Porosity alterations versus acid penetration depth

According to Fig. 10 in the starting time of injection owing to low permeability around the wellbore, wellbore injection pressure is about 12,000 psia. This amount is dramatically reduced to 9500 psia by contacting acid over a period of 30 min. Since then, by injecting 10 barrel of initial acid, wellbore contacting pressure reduced to 10,300 psia.
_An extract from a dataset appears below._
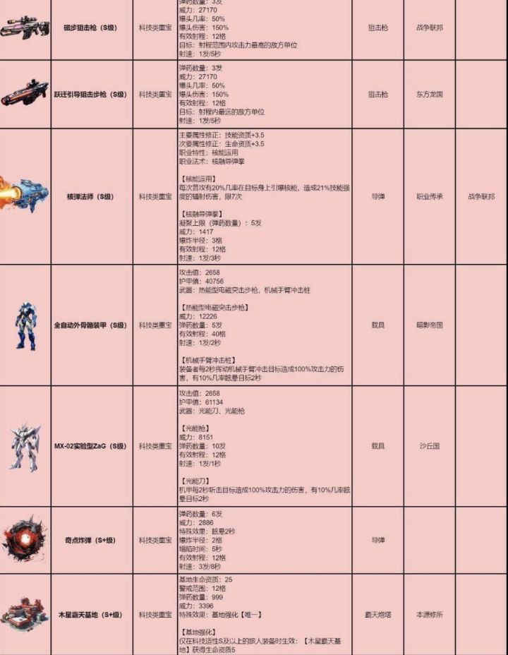 全自动外骨骼装甲(s级)、MX-02实验型ZaG(s级):这两个的推荐理由也是大差不差,因为提供大量的属性和能开载具羁绊(说真的,科技类重宝除了载具,基本没啥能用的,大家也就前期用着好一点,后期那点血量和护盾也不太够看)。

Therefore, reservoir pressure profile penetrates up to the depth of 7 foot; in respect of the way, due to the low permeability of reservoir rock, it increased the fluid flow to the wellbore.

Fig. 10
figure 10

Pressure differences versus acid penetration depth

Suggestions and Future research

  1. i.

    Although the procedure of selecting acid formulation requires comparative experimental tests, it is highly recommended that this experimental evaluation is administered by taking cores from the wellbore or its cutting and the applied tubing in the wellbore drill string with different concentrations of hydrochloric acid (such as 5,10,20 and 28%). Therefore, it enrolled the engineers to utilize several designations among production operation.

  2. ii.

    According to the simulated model by the software, an increase in the amount of acid concentration regarding low injection rate to the formation do not cause an increase in the penetration depth. Furthermore, raising the volume of used acid is being investigated in this operation. Hence, it is suggested that water-flooding operations with acid could be applied for observing the rocking behavior against injected acid.

  3. iii.

    Regarding low permeability in the full-bore DST, increasing the amount of injected pressure due to increasing amount of injected rate is suggested; in respect of the way, these procedures need the appropriate studies owing to determining the formation fracture gradient.


One of the chief aims of this comprehensive study is to investigate the efficiency of acidizing procedures in Fahliyan formation by utilizing hydrochloric acid 15% and its comparison with simulated acidizing operation model. To obtain required information regarding wellbore and formation physical properties, it is necessary that the proper evaluation of the wellbore is being done before and after the acidizing procedures. Some of the physical features of the studied field such as reservoir pressure, permeability and skin factor are extracted from full-bore DST tests. In this experiment, after operating two buildup test before and after acidizing the amount of skin factor are 7.79 and − 3.34, respectively. Regarding output of simulation processes, the amount of skin factor after acidizing operation related to full-bore DST is calculated as 4.41 which has acceptable relevance to buildup analysis experiment. Consequently, after acidizing procedure, productivity rate has a dramatic change from 0.57 STBD/psi to 1.55 STBD/psi.